The magic of computer technology with its capacity to track individual kids, their backgrounds and their test scores over time as well as far reaching longitudinal studies of what it takes for a teacher to succeed have led to a rethinking of how teachers can be evaluated. In fact, it is now possible to evaluate the capacity of teachers to teach comparable cohorts of students and determine which one does a better job over time.
If teacher X has students from disadvantaged backgrounds who test at a certain level and after a year have shown no appreciable improvement but teacher Y has a similar cohort but accomplishes meaningful increases in achievement and the gap between what the two teachers’ students achieve persists over time---something needs attending to.
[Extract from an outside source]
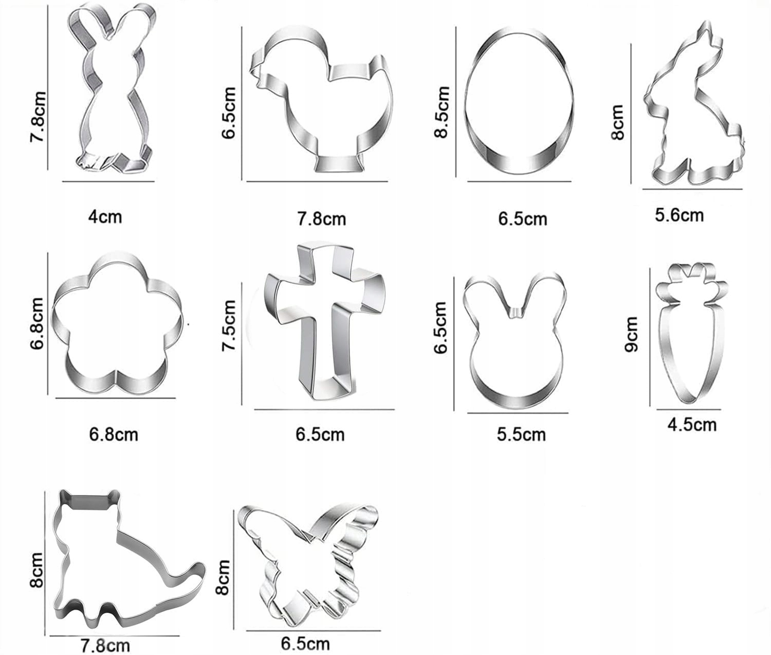 ✅ 10 Различные формы - набор форм содержит до 10 различных мотивов, включая очаровательные кролики, пасхальные яйца, цыплята и цветы. Благодаря этому каждая партия тортов может быть различной и адаптирована к теме вашей вечеринки или украшения стола. Уникальный дизайн бросается в глаза, и каждая плесень позволяет создавать шедевр кондитерской. Представьте, как ваше печенье берет на себя характер и вызывает восхищение гостями во время праздничного завтрака.

That reality has resulted in diverse groups of political leaders demanding that the new evaluation techniques and technology now be utilized when teachers are assessed. It isn’t a vast conspiracy of “anti-union reactionaries” seeking vengeance against union rabble. It is the Race to the Top advocates in the Obama Administration, it is the Democratic Secretary of Education Arne Duncan, it is the Democratic governor of New York Andrew Cuomo who just last week observed in frustration, “it’s not about the adults; it’s about the children….Our schools are not an employment program.”
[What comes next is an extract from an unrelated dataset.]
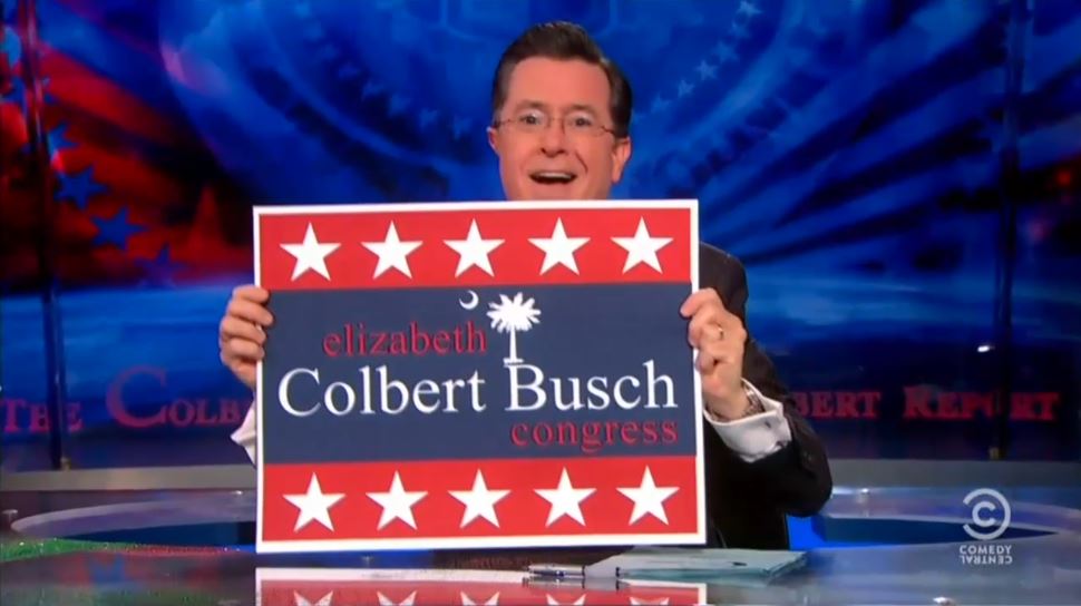 Colbert began the segment by pretending to make a campaign poster for his sister before holding up an official Elizabeth Colbert-Busch campaign poster. Colbert jokingly claimed that it was a Morning Joe interview with Colbert-Busch’s opponent, former South Carolina Governor Mark Sanford, that inspired Colbert to comment on the race:

The argument that the teaching profession is unique among careers in defying our capacity to fairly and systematically evaluate its practitioners is losing its believability. We can figure out who is a good teacher and who isn’t.
Nevertheless, Friday’s New York Times offered evidence of how entrenched the leadership of teachers’ unions can be when it comes to altering old ways of doing business. Not unlike the recent conduct of United Teachers of Los Angeles in nixing a $40 million grant to the Los Angeles School District in Race to the Top funds, the New York teacher’s union has refused to allow new evaluation techniques to be used for measuring its teachers. Even though both federal and New York state rules now require that at least part of the teachers’ assessment include their students’ test scores and that the city and the school district stood to lose $250 million, the Times reported that the union remained adamant. The NY union’s willingness to reject $250 million makes United Teachers Los Angeles look like amateurs (we only lost $40 million in federal funds).
As one reads the Times’ article it becomes clear that neither Mayor Bloomberg nor the federal government was asking for anything more or less than was just recommended as the fairest and most accurate way to evaluate teachers by the Bill and Melinda Gates Foundation in a multi-year $45 million study (published in early January reporting on over 3,000 teachers and three years of study from across the country).
The Gates Foundation study recommended that a combination of student test scores (one half to one third of the evaluation metrics), “well-crafted observations” of classroom teaching (preferably with two observers) and even student surveys of teacher quality should be combined in a teacher’s evaluation. That formula was the most predictive of teacher quality as well as offering teachers the feedback they need to improve their performance. As the leader of the project, Harvard Professor Tom Kane noted, “this is not about accountability, it’s about providing the feedback every professional needs to strive towards excellence.”
Mayor Bloomberg was asking for 20% of the evaluation process to be comprised of students’ growth on state test scores (considerably less than the Gates’ recommended 33% minimum), another 20% based on local measures that the union would negotiate, and 60% based on classroom observations---those indices were unacceptable to the union.
It is clear that a reckoning is near when the leadership of teachers’ unions will discern where the world is moving and see that standing in the way of change isn’t going to continue to work; the price they will pay will simply be too burdensome.
Hopefully, it will happen sooner rather than later and the students won’t continue to pay the price of their intransigence.